Machine Learning 101 : Why, What and How?

In this explainer, we focus on a high-level view of Machine Learning as a field and set of technologies. We explore why there is been an explosion in Machine Learning, how we already use machine learning in our everyday lives, and how it will help us push the frontiers in engineering and science. We then explore:

what machine learning is and how there are different classes of learning based on the task required. we explore the key idea of generalisation as our understanding of "intelligence". we look at different considerations we need to take when choosing which machine learning algorithms we might use in our machine learning for flow. Big data, sparse data, a large number of inputs or outputs or the amount of trust needed in the answer. Finally, I present a few personal thoughts on how machine learning should be learnt.

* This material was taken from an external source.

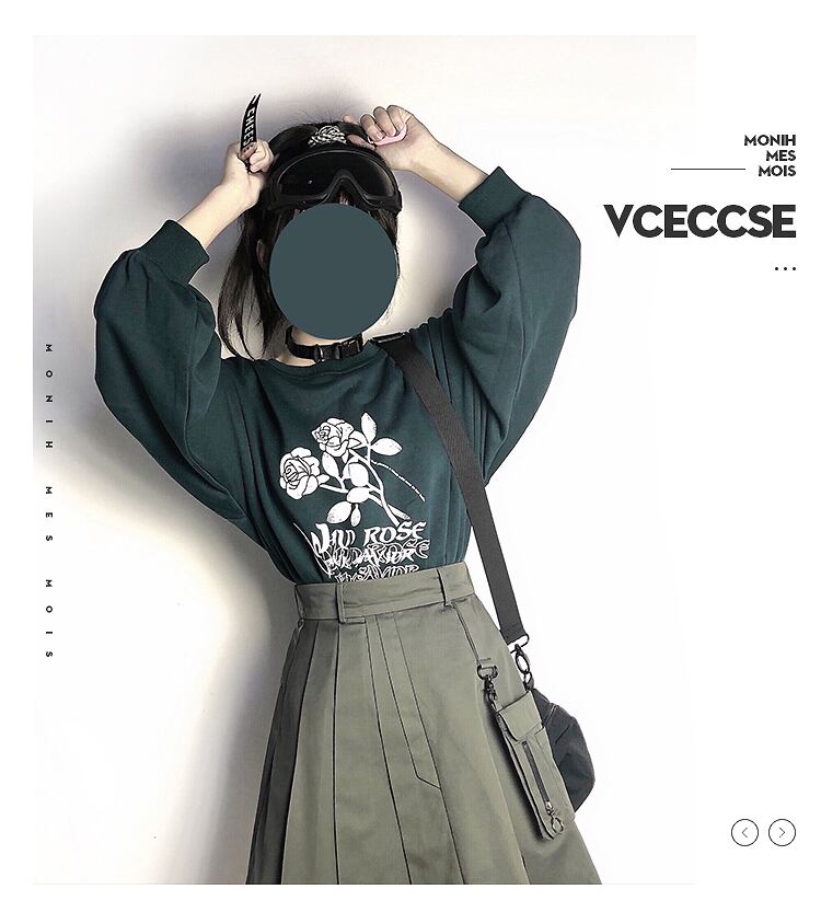 pinksaviorダークグリーンとホワイトのワイルドローズプリントレトロオリジナル長袖スリーブルーズスリムセーター ロング PSTB60216736102

This lecture is intended to be a presentation, with me as a talking head! Below are a set of summary notes for reference.

Why Machine Learning?

The world has been witnessing an explosion in data generation, with the amount of data increasing by 50 folds between 2010 and 2020, and the total amount estimated to be around 44 ZB today. This phenomenon has been driven by several factors, including the availability of cheap data storage, the power of modern computing devices, and the proliferation of data-generating devices, ranging from sensors to remote systems. In this context, Machine Learning (ML) has emerged as a crucial field for extracting value, insights, and intelligence from this vast pool of information. By finding patterns in data, ML can enable us to analyze and understand complex phenomena, such as user behaviour, consumer preferences, market trends, disease outbreaks, and climate change. Therefore, the growing need for ML is aligned with the need for businesses, governments, and individuals to make sense of this exponential growth of data, and leverage it for innovation, productivity, and social impact.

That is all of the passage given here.